Cheryl Robson of Aurora Metro Arts and Media Charity has devoted five years to fundraising and campaigning to raise over £60,000 to erect a statue of Virginia Woolf in Richmond to celebrate her, her literary heritage and strong connection to to celebrate Richmond. Dozens of volunteers helped with the project and the public expressed their overwhelming support with literally hundreds of individual donations.

World-renowned writer and women’s rights advocate, Virginia Woolf loved the quiet life that Richmond offered her away from London. Richmond gave Virginia freedom to write, freedom to grow as a person, and freedom to think for herself again. She wrote, “I should be grateful to Richmond and Hogarth, and indeed, whether it’s my invincible optimism or not, I’m grateful.”

Sculptor Laury Dizengremel said, “Being commissioned to create the first-ever full-length statue of Virginia Woolf and portray her happy side was an absolute thrill.”

This new historic addition to Richmond has garnered widespread support including: Mark Haddon, Sarah Gristwood, Anne Sebba, Claire Tomalin, Philippa Gregory, Kit de Waal, Jackie Kay, AS Byatt, Frances Spalding and Sarah Waters. Online endorsements came from many including: Margaret Attwood, Jodi Picoult, Deborah Frances-White, Elizabeth Day, Caroline Criado Perez, Phillip Pullman and Neil Gaiman.
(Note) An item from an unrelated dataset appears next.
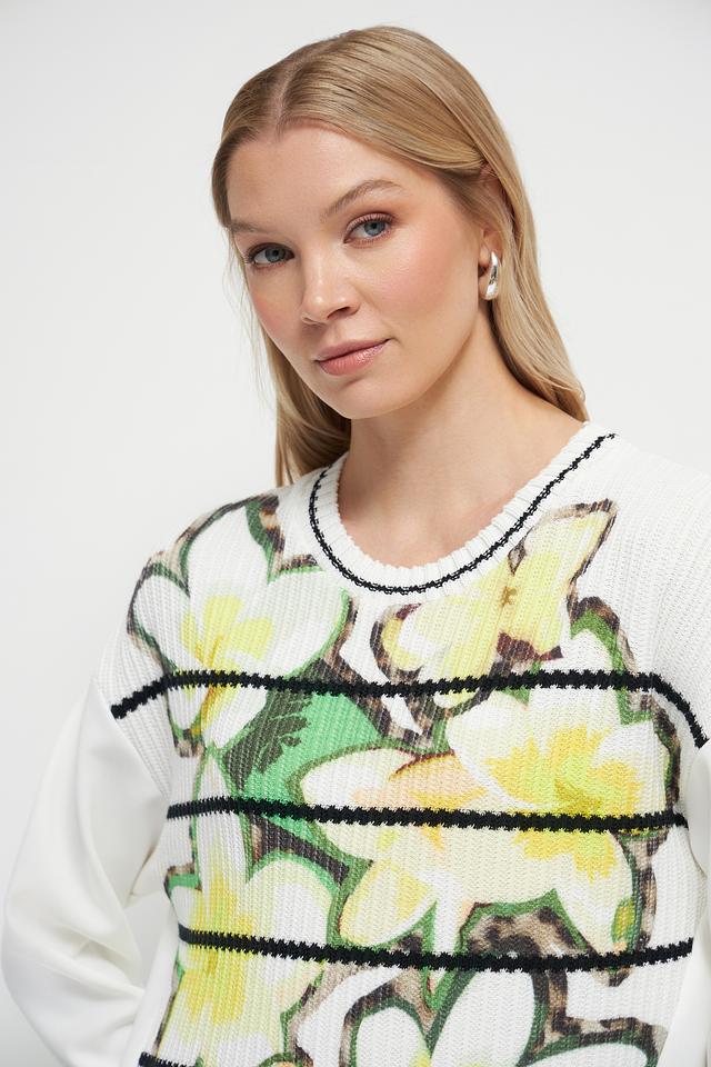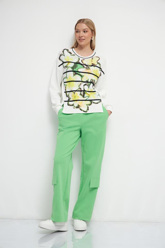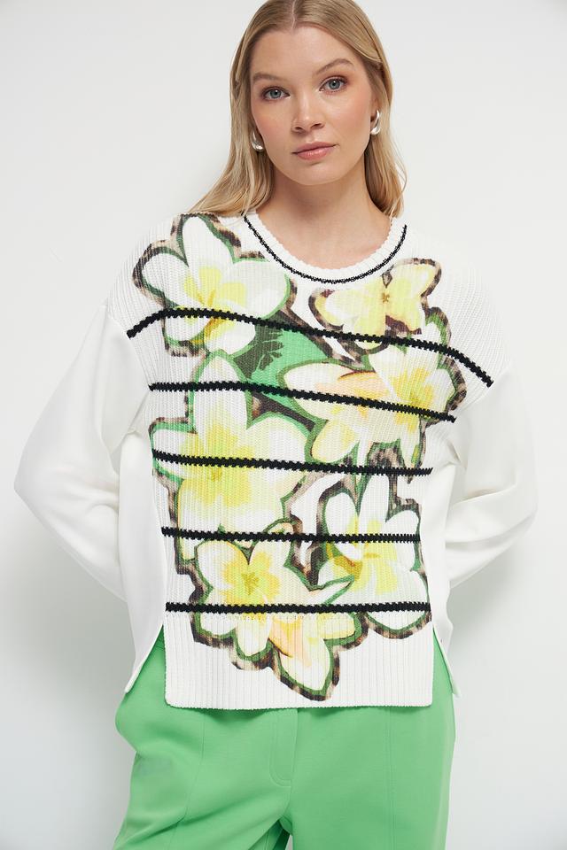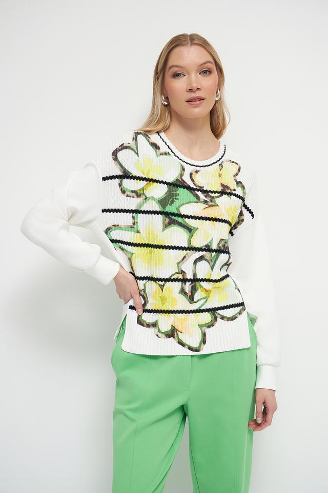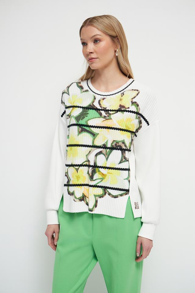 Этот пуловер от Marc Cain станет ярким акцентом вашего гардероба. Он выполнен в белом цвете и украшен крупным цветочным принтом, выполненным в желтых и зеленых тонах.

The charity’s sister company, Aurora Metro Books, is a small publishing house in the heart of Richmond that aptly resembles Hogarth Press. Here, Cheryl Robson has just opened her first local independent bookstore, Books on the Rise. During the campaign, Aurora Metro published Peter Fullagar’s book Virginia in Richmond, which received excellent reviews.